Propos recueillis par Jacques Besnard
Quand Jean-Yves Lafesse nous racontait son amour du foot

L'immense Jean-Yves Lafesse s'est éteint à l'âge de 64 ans. En 2016, il nous avait accordé un entretien 100% foot. Dans lequel on apprenait, entre autres, que le choix de son nom de scène était intimement lié au football.

Mes fils, il y en a un qui veut être le futur Neuer du Bayern et l’autre le futur Griezmann.

Salut Jean-Yves. Bon, d’abord, il paraît que vous êtes un vrai fan de foot.En Bretagne, on naît sur un vélo et un ballon au pied. Je suis un fana de foot depuis que je suis tout petit, évidemment. Je mate cinq ou six matchs par semaine quand même. Les matchs du dimanche soir, les matchs de l’Atlético, les Clásicos, le Bayern avec mes fils. Il y en a un qui veut d’ailleurs être le futur Neuer du Bayern et l’autre le futur Griezmann. Ils ont huit et dix ans et ils jouent déjà au foot à Paris. (Il se tourne vers ses gosses, NDLR.) Tu veux toujours être goal du Bayern, toi ? À huit ans, il veut jouer soit au Bayern ou à Rennes. Celui de dix ans, c’est soit attaquant à l’Atlético soit à la Juve, soit à Rennes…

Pourquoi Rennes, du coup ? Vous les avez emmenés au stade ?Non, mais ils aiment Gourcuff. Je les ai nourris en regardant les matchs où Yoann jouait. Sans déconner, quand tu le voyais en forme, que ce soit à Bordeaux, à Lyon au début, en équipe de France, c’était un joueur qui avait de la classe. Et puis, il avait dédicacé son maillot à mon fils après le match contre le Dinamo Zagreb quand ils avaient gagné 7-1. On voit vite que c’est un mec timide, introverti, mais il a l’œil qui brille, il aime bien se marrer, il a une double casquette.

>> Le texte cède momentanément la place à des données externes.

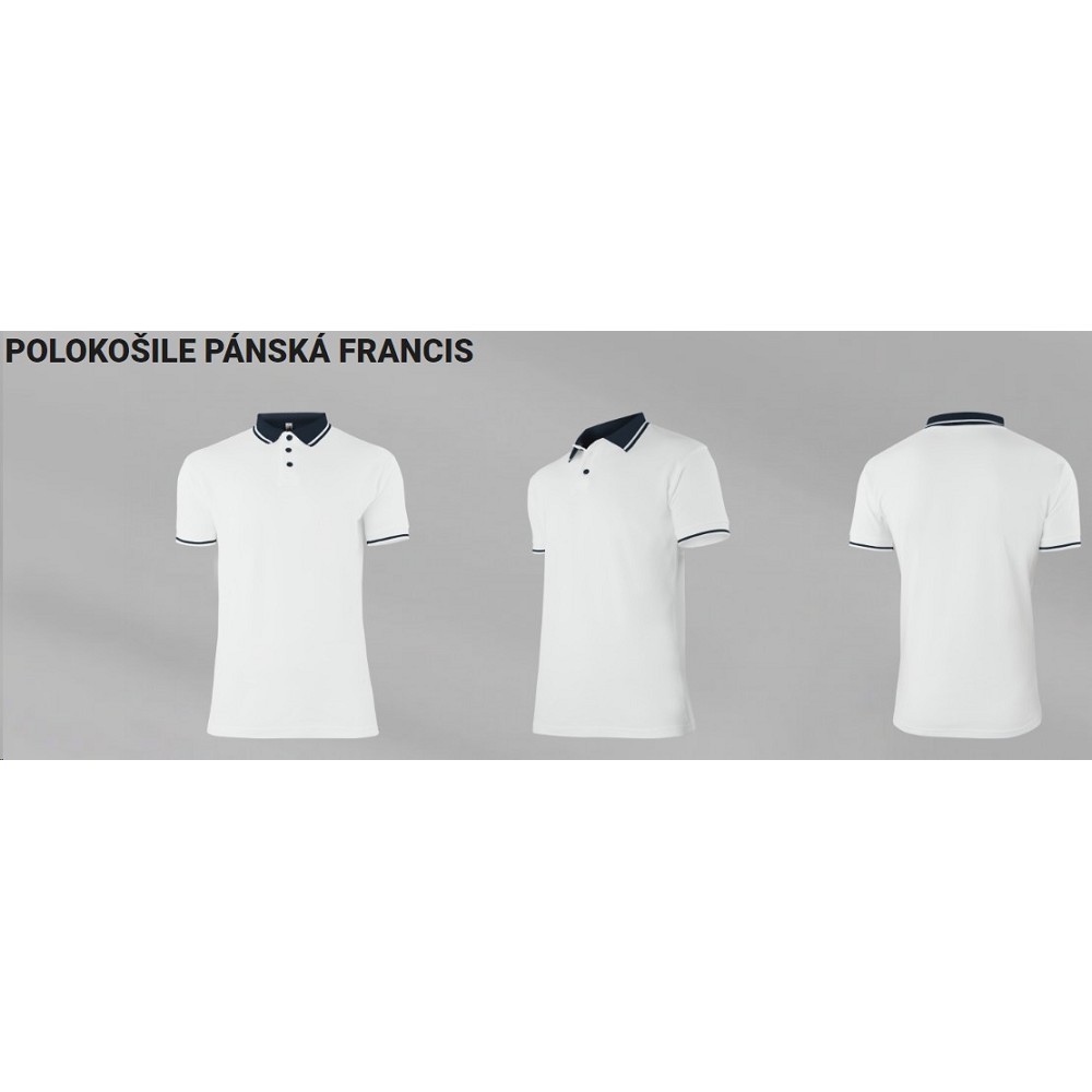 Polokošile Francis krátký rukáv pique, 100 % bavlna 220 g/m2 Materiál 100% bavlna Silikonová úprava. Gramáž 220g/m2 Pánská polokošile na sport i běžné nošení. Kontrastní provedení límce a manžet rukávů z žebrového úpletu. Vyštíhlený střih. Léga se 3 knoflíky v kontrastní barvě. Vhodné pro výšivku. Barvy : bílá, červená, námořní modrá požadovanou barvu napište do poznámky v objednávce

Vous étiez quel genre de joueur ?J’ai joué au Stade pontivyen jusqu’à seize ans, puis j’ai arrêté quand je suis parti en Afrique. J’étais arrière droit. À l’époque, on nous déconseillait de monter. Il n’y avait pas la conception du latéral qui était si offensif. On devait être prêts à aller à l’impact pour bloquer l’ailier gauche, cantonné à défendre. C’était très primaire.

C’est vrai que votre pseudo vient du fait que vous aviez marqué le seul but de votre carrière de la fesse ?Oui, Lafesse, ça vient d’un but que j’avais marqué. Sur un corner, je suis monté et j’ai marqué le but de la victoire (1-0) contre Plouay ou Plouray, je ne sais plus… Je me troue sur la reprise de volée, complètement. Geste magnifique, le grand écart en extension et tout. Mais le ballon touche ma fesse gauche. Et but…

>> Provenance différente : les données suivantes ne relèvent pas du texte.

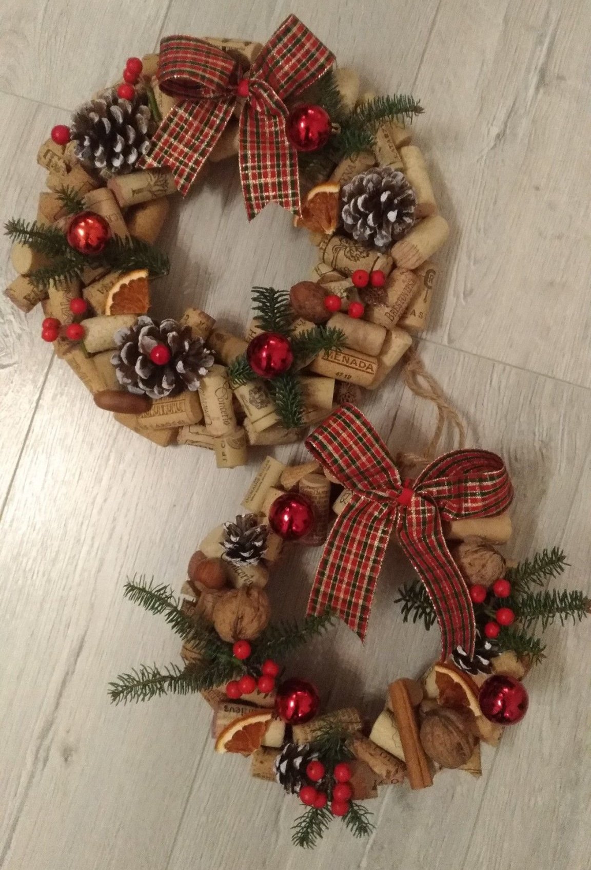 Преди няколко години реализирах идеята с венеца от коркови тапи. Всяка година подновявам с нещо, я панделка, я украса (правят ми ги в цветарски магазин, от мен само идеите Simple Smile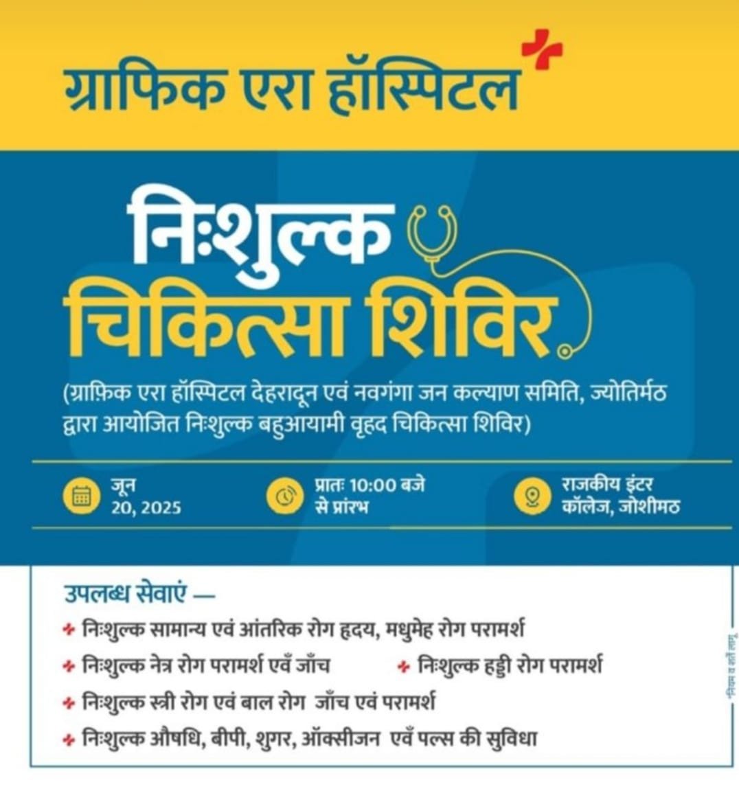 ग्राफिक एरा हॉस्पिटल देहरादून एवं नव गंगा जन कल्याण समिति द्वारा संयुक्त रूप से ज्योतिर्मठ में लगेगा विशाल निशुल्क चिकित्सा शिविर

Le matin en hiver, à part les cris des parents, on n’entend que le bruit du ballon. J’ai retrouvé ce bruit une seule fois, je crois que c’était durant un Matra Racing-PSG avec Francescoli. Dès qu’il posait le pied sur le ballon, il y avait ce silence incroyable dans le stade.

C’étaient des beaux moments, ces années à taper le ballon dans les stades morbihannais ?Ce que j’adorais, c’étaient les déplacements. Partir en car avec toute l’équipe avec nos sacs Adidas, nos chaussures à trois bandes avec du cuir épais. On ne sentait pas quand on nous marchait dessus. J’adorais jouer dans le froid. Quand on est défenseur droit, ce qui est drôle, c’est qu’on voit le milieu, les attaquants et l’équipe d’en face avec cette vapeur, cette fumée qui sort de nos naseaux. Et puis le matin en hiver, à part les cris des parents, on n’entend que le bruit du ballon. J’ai retrouvé ce bruit une seule fois, je crois que c’était durant un Matra Racing-PSG avec Francescoli. Dès qu’il posait le pied sur le ballon, il y avait ce silence incroyable dans le stade. On attendait ce qu’il allait faire et on entendait le bruit du cuir. Francescoli balle au pied, c’était magique, on attendait l’aigle. Ce même son, on l’avait en hiver le matin. C’était ça que j’aimais dans le foot, et puis le collectif aussi.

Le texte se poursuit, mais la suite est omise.